Role of pheophytin alpha in the primary charge separation of photosystem I from Acaryochloris marina: Femtosecond optical studies of excitation energy and electron transfer reactions

Photosystem I (PSI) of the cyanobacterium Acaryochloris marina is capable of performing an efficient photo-electrochemical conversion of far-red light due to its unique suite of cofactors. Chlorophyll d (Chl-d) has been long known as the major antenna pigment in the PSI from A. marina, while the exact cofactor composition of the reaction centre (RC) was established only recently by cryo-electron microscopy. The RC consists of four Chld molecules, and, surprisingly, two molecules of pheophytin alpha (Pheo-alpha), which provide a unique opportunity to resolve, spectrally and kinetically, the primary electron transfer reactions. Femtosecond transient absorption spectroscopy was here employed to observe absorption changes in the 400-860 nm spectral window occurring in the 0.1-500 ps timescale upon unselective antenna excitation and selective excitation of the Chl-d special pair P-740 in the RC. A numerical decomposition of the absorption changes, including principal component analysis, allowed the identification of P-740((+)) Chl(d2)((-)) as the primary charge separated state and P-740((+)) Pheo(alpha 3)((-)) as the successive, secondary, radical pair.
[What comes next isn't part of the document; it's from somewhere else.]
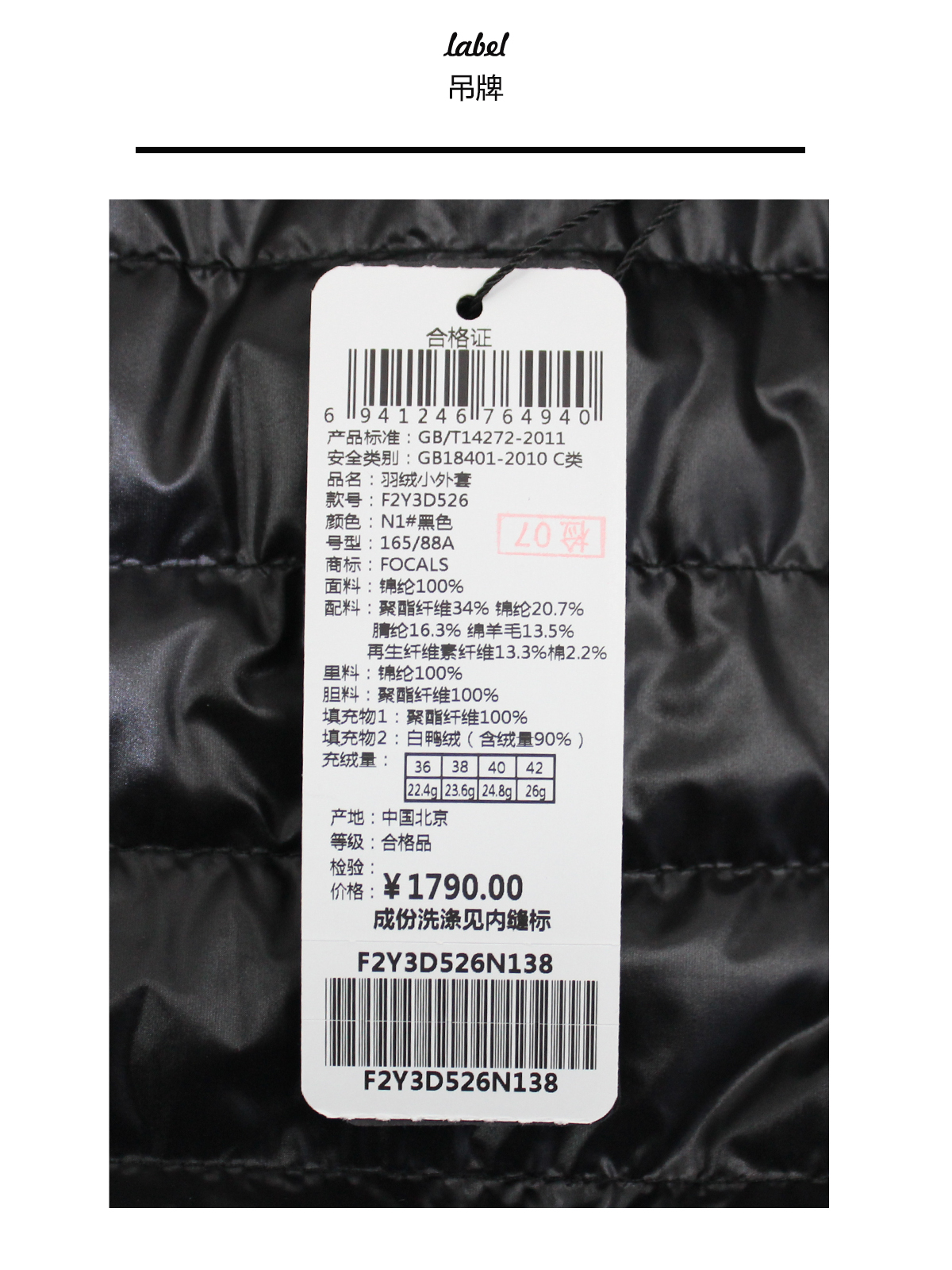 FOCALS福柯斯新款时尚休闲短款拼接薄羽绒服外套F2Y3D526N1

A remarkable feature of the electron transfer reaction between Chld2 and Pheoa3 is the fast, kinetically unresolved, equilibrium with an estimated ratio of 1:3. The energy level of the stabilised ionradical state P-740((+)) Pheo(alpha 3)((-)) was determined to be similar to 60 meV below that of the RC excited state. In this regard, the energetics and the structural implications of the presence of Pheo-a in the electron transfer chain of PSI from A. marina are discussed, also in comparison with those of the most diffused Chl-alpha binding RC.